The "Jump points" section is the key invention. Rather than dumping the whole bundle into context, the Runner pre-computes the queries that matter: "200s to PHP files in /pub/media/catalog/product/.cache/", "ModSec rule 920450 hits clustered around obs-0001 ts ± 90s". The curator picks one or two and tool-uses grep, jq, or duckdb to drill in. The bundle is hot storage, not context.

Why JSONL, not a binary format

Three reasons:

  1. Human-readable in the case ledger. bl case log is cat-able. Investigators reviewing a closed case see structured records, not opaque blobs.
  2. grep and jq-native. The curator's tool-use is pre-existing primitives. No custom parser. No schema-versioning headaches across bl releases.
  3. Streaming-friendly. Large collections (50k Apache lines) write incrementally. The Runner does not load the file before emitting it.

Compression

  • Default: gzip -5: portable to CentOS 6 / bash 4.1 baseline without EPEL.
  • Upgrade path: zstd -3 if command -v zstd succeeds: ~1.3× smaller, faster compress.
  • Detection: bl collect picks best available codec; extension is .tgz regardless (tar magic-byte detects codec on the decompress side).

Sonnet 4.6 bundle summary

summary.md generation runs through Sonnet 4.6 by default, bl_messages_call to the Messages API with prompts/bundle-summary-system.md as the system prompt. Sonnet treats log content as untrusted, produces ≤ 2 KB output budget, formats jump-points and attention-worthy sections.

Two bypasses keep the Runner deterministic:

  • --no-llm-summary: skip Sonnet, fall back to deterministic _bl_obs_render_summary_deterministic.
  • BL_DISABLE_LLM=1 env var: same effect, scoped to the shell. Tests use this. Cost-controlled environments use this.

If Sonnet returns 401 / 5xx / 429, the Runner falls back automatically. Bundle creation never blocks on a Messages API outage.

Stress corpus

exhibits/fleet-01/ carries a deterministic, byte-identical, ~360k-token APSB25-94 forensic bundle (apache + modsec + fs + cron + proc + journal + maldet) with attack needles buried in realistic noise.
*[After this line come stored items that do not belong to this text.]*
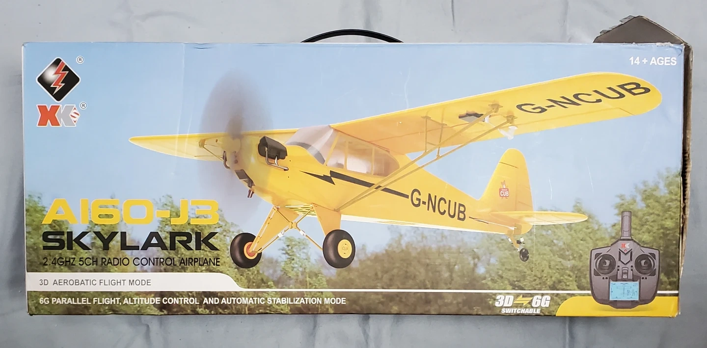 This is the XK A160-J3 Skylark 2.4GHz 5CH radio control airplane. It features 3D aerobatic flight mode and 6G parallel flight, altitude control and automatic stabilization mode. EPP material is very resistant to impact! Never used, all there!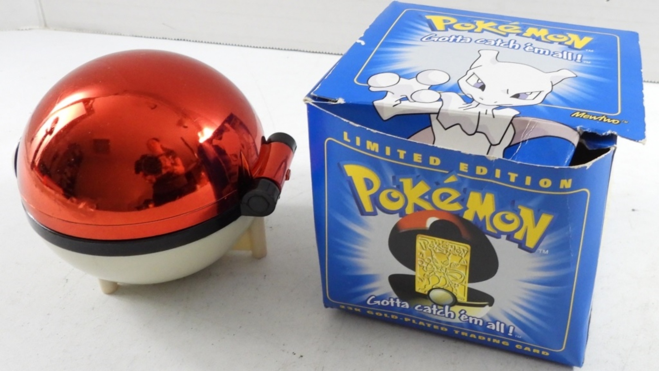 MEWTWO 23K GOLD PLATED COLLECTABLE TRADING CARD & POKEBALL (OPENED)
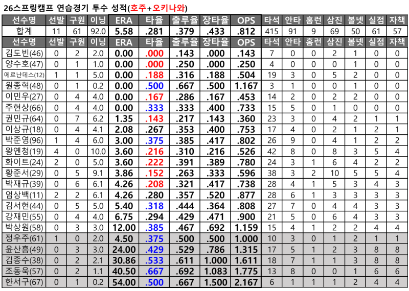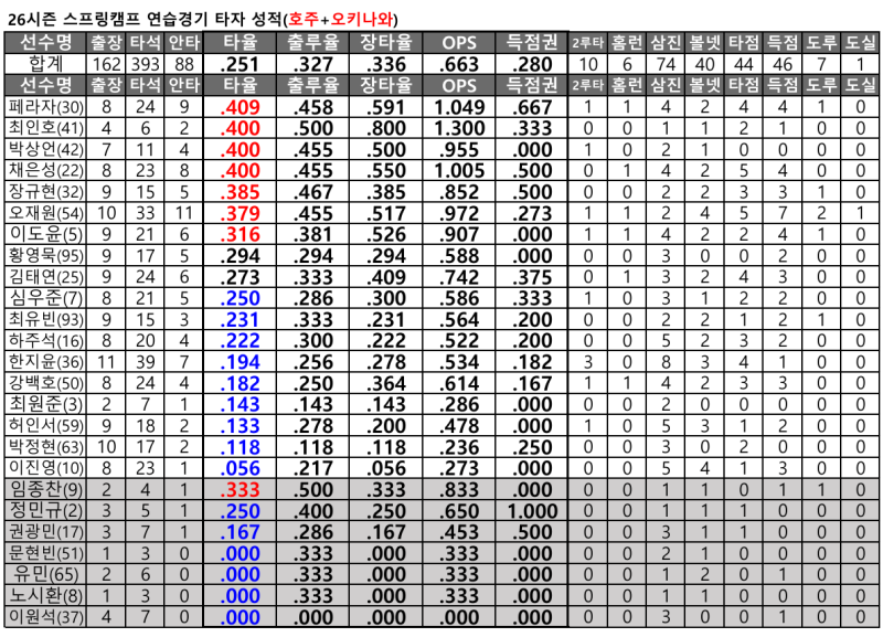 호주에서 일본으로 이어지는 훈련을 차질 없이 치른 한화 선수단은 내부 경쟁으로 인한 팽팽한 긴장감을 유지하며 귀국하게 됐다. 특히 19세 신인 신인 오재원과 최유빈도 1,2차 캠프를 완주할 만큼 성장했다. 오재원은 연습경기에서 팀 내 가장 많은 11안타를 기록했고, 최유빈은 내야 유틸리티 자원으로서 존재감을 드러냈다.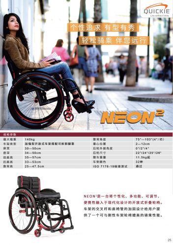 Neon2 是一臺(tái)將個(gè)性化、多功能可調(diào)節(jié)、便攜性融入于現(xiàn)代化設(shè)計(jì)的開放式折疊輪椅,車架的交叉桿和座椅管的加固設(shè)計(jì)給用戶提供了一個(gè)可與剛性車架輪椅媲美的騎乘性能。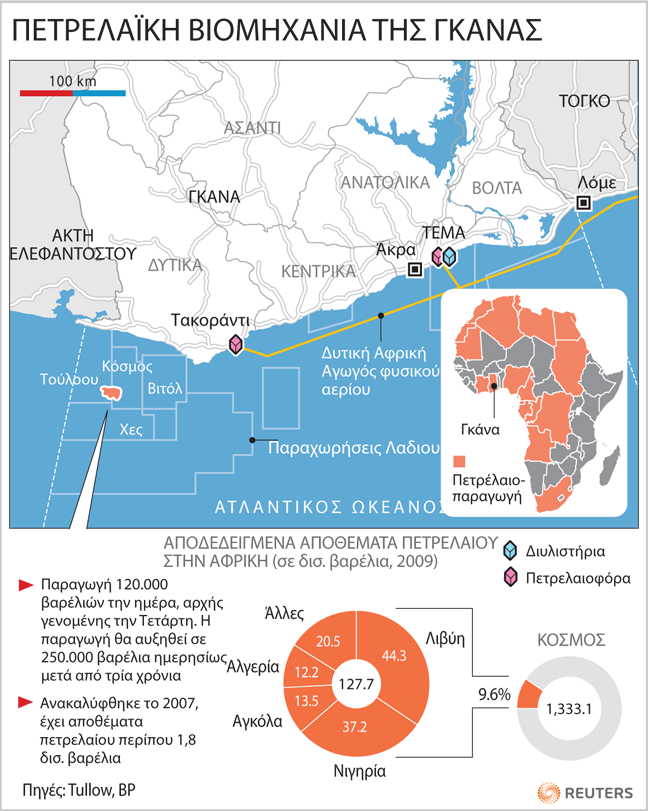 Τον Ιούνιο του 2007 ανακαλύφθηκαν μεγάλα παράκτια κοιτάσματα πετρελαίου, ενθαρρύνοντας τις προσδοκίες για μία τεράστια οικονομική ανάπτυξη. Την ερχόμενη Τετάρτη θα ξεκινήσει η άντληση του πετρελαίου και σε πρώτη φάση η παραγωγή θα ανέρχεται στα 120 χιλ. βαρέλια ημερησίως. Μέσα στην ερχόμενη τριετία, η παραγωγή θα αυξηθεί στα 250 χιλ. βαρέλια.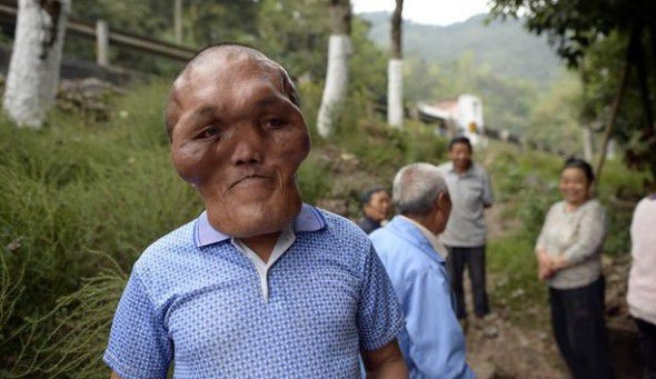 重庆53岁男子十几岁的时候头部增生致整个头肿大,大到吓人的程度,特像外星人,他没有接受任何治疗,几年后增生变形的脸,使他的听力丧失,现在几乎是个聋子。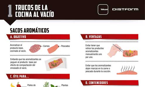 La firma Distform presenta esta práctica infografía en la que el chef Martín Lippo enseña a los cocineros un truco muy práctico para aromatizar productos que vayan a cocinarse al vacío.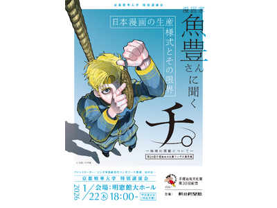 京都精華大学では、2026年1月22日(木)に京都精華大学明窓館大ホールにて、手塚治虫文化賞第30回を記念し、朝日新聞社主催による特別講演会を開催いたします。本講演には、大ヒット漫画『チ。-地球の運動について-』の作者である、漫画家・魚豊氏をお招きします。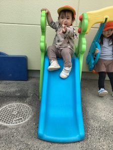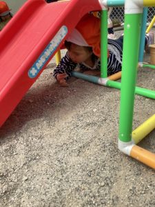 「ちょっと待ってね✨」と滑り台の後ろへ言ってくれたお友だち🍀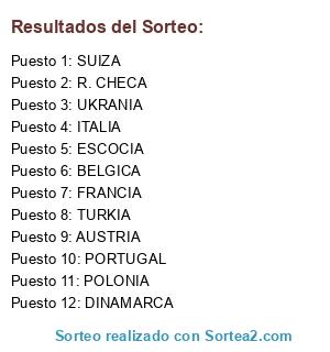 Lista de participantes: SUIZA, AUSTRIA, ESCOCIA, ITALIA, FRANCIA, UKRANIA, R. CHECA, BELGICA, DINAMARCA, PORTUGAL, TURKIA, POLONIA.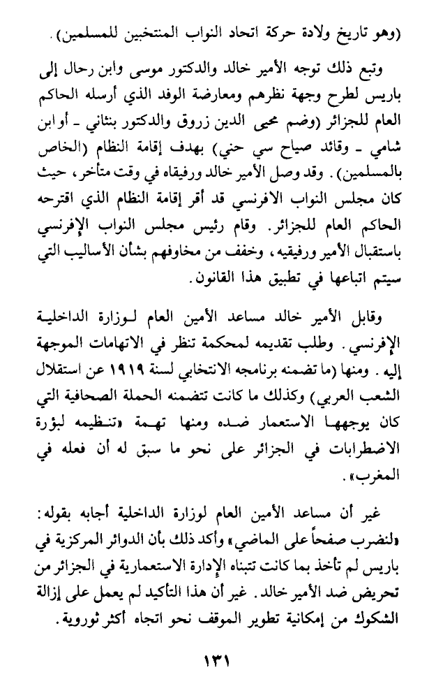 وقابل الأمير خالد مساعد الأمين العام لوزارة الداخلية الإفرنسي. وطلب تقديمه لمحكمة تنظر في الاتهامات الموجهة إليه. ومنها (ما تضمنه برنامجه الانتخابي لسنة 1919 عن استقلال الشعب العربي) وكذلك ما كانت تتضمنه الحملة الصحافية التي كان يوجهها الاستعمار ضده ومنها تهمة (تنظيمه لبؤرة الاضطرابات في الجزائر على نحو ما سبق له أن فعله في المغرب).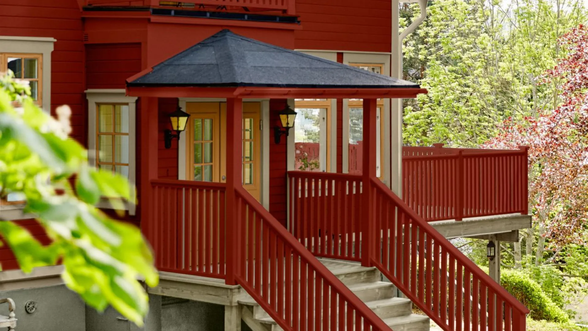 Har ditt hus detaljer som du gärna vill framhäva blir det vackert att måla dem i en kontrasterande kulör. Ju större kontrast du väljer desto större fokus hamnar på detaljerna och gör ditt hus mer originellt.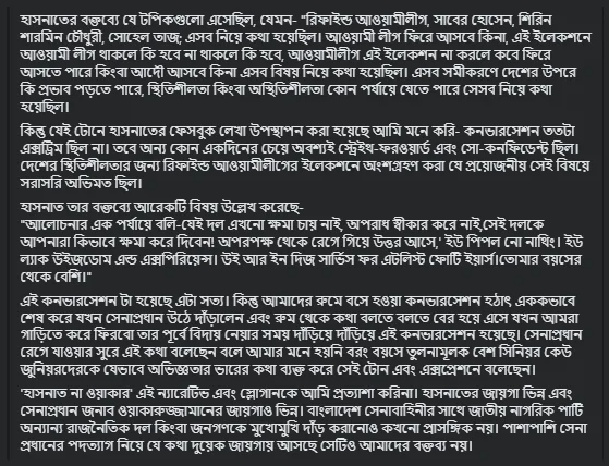 হাসনাতের ফেসবুক স্ট্যাটাসে যে বিষয়গুলো এসেছে, যেমন “রিফাইন্ড আওয়ামী লীগ, সাবের হোসেন, শিরিন শারমিন চৌধুরী, সোহেল তাজ” ইত্যাদি, সেগুলোর মধ্যে আলোচনা হয়েছিল। তবে, আমি মনে করি, এই কনভারসেশনটি ততটা এক্সট্রিম ছিল না। তবে, অন্য যে কোনো দিনের তুলনায়, এটি অনেকটা সরাসরি এবং আত্মবিশ্বাসী ছিল।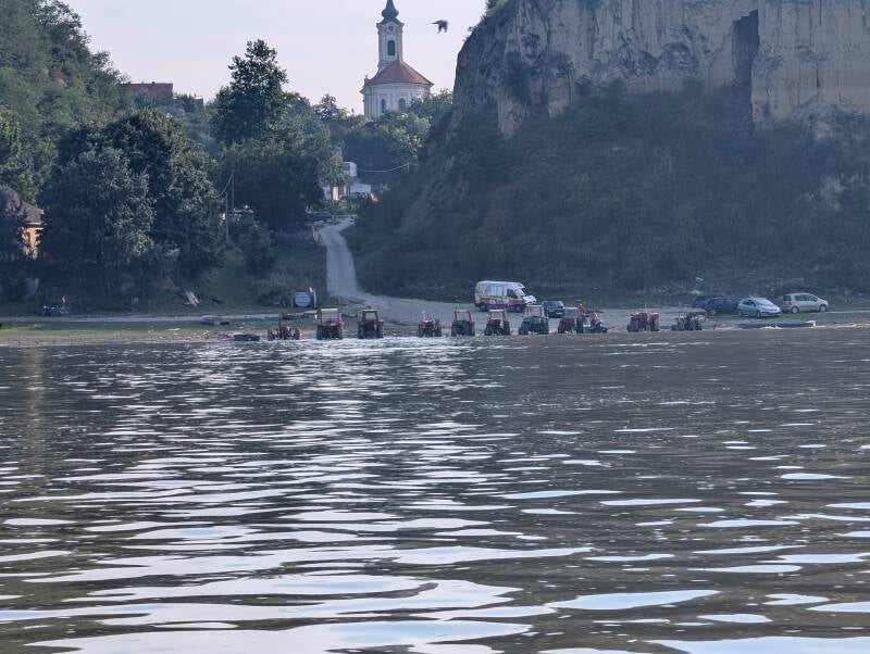 The gas station is close to this small harbor on the Serbian side, we don't have to carry our canisters too far.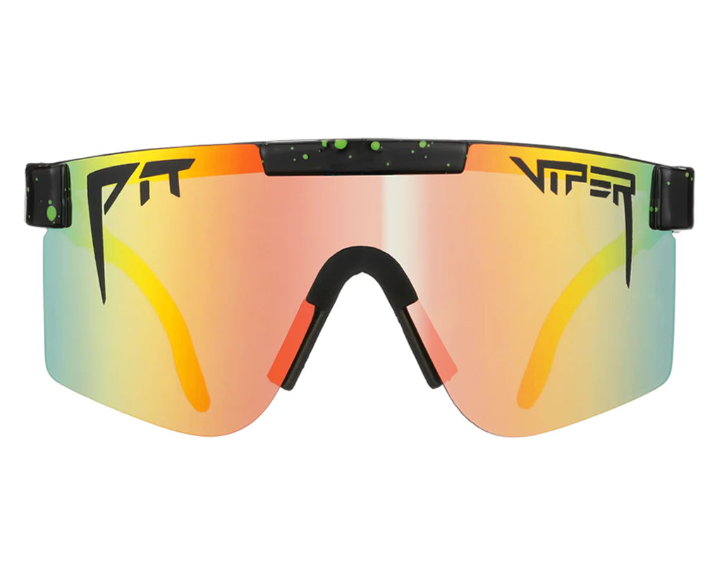 Introducing the Double Wides. With 12mm more room for your big honkin' face. Adjustable, military designed sunglasses with a 90's flair. Strong enough to be shot at, sat on, shoved in pockets, run over and still maintain their sun and wind bucking ability. Breakthrough E-Spot™ and Turbo Adjustment™ technology guarantee a perfect fit. Demand respect and authority in The Original, the Pit Vipers that started it all.

The corpus is regeneratable from tools/dev/synth-corpus.sh --seed 42. Sources are documented; no operator-local data ever lands in the corpus.

This bundle exercises the full 1M-context curator turn, a realistic case that wouldn't fit in 200k. It is the test that keeps the "1M context as one bundle" claim honest.

Memory-store size discipline

Memory-store entries have a hard 100 KB cap per file (Managed Agents spec). blacklight uses 2 of 8 available memory stores per session.

StoreAccessTypical contentsCap discipline
bl-skillsread_only65 .md files≤ 50 KB total bundle
bl-caseread_writehypothesis, evidence pointers, pending steps, applied actions, ledgerper-file ≤ 100 KB; raw evidence offloaded to Files API

Raw evidence bundles (.tgz packed) live in the Files API, not in memory stores. Memory stores carry pointers (evidence/evid-0001.md{source, sha256, summary, file_id}). The curator's read_memory calls return the pointer; it then read_files the file_id to drill in. This keeps memory-store budgets small and re-readable across sessions.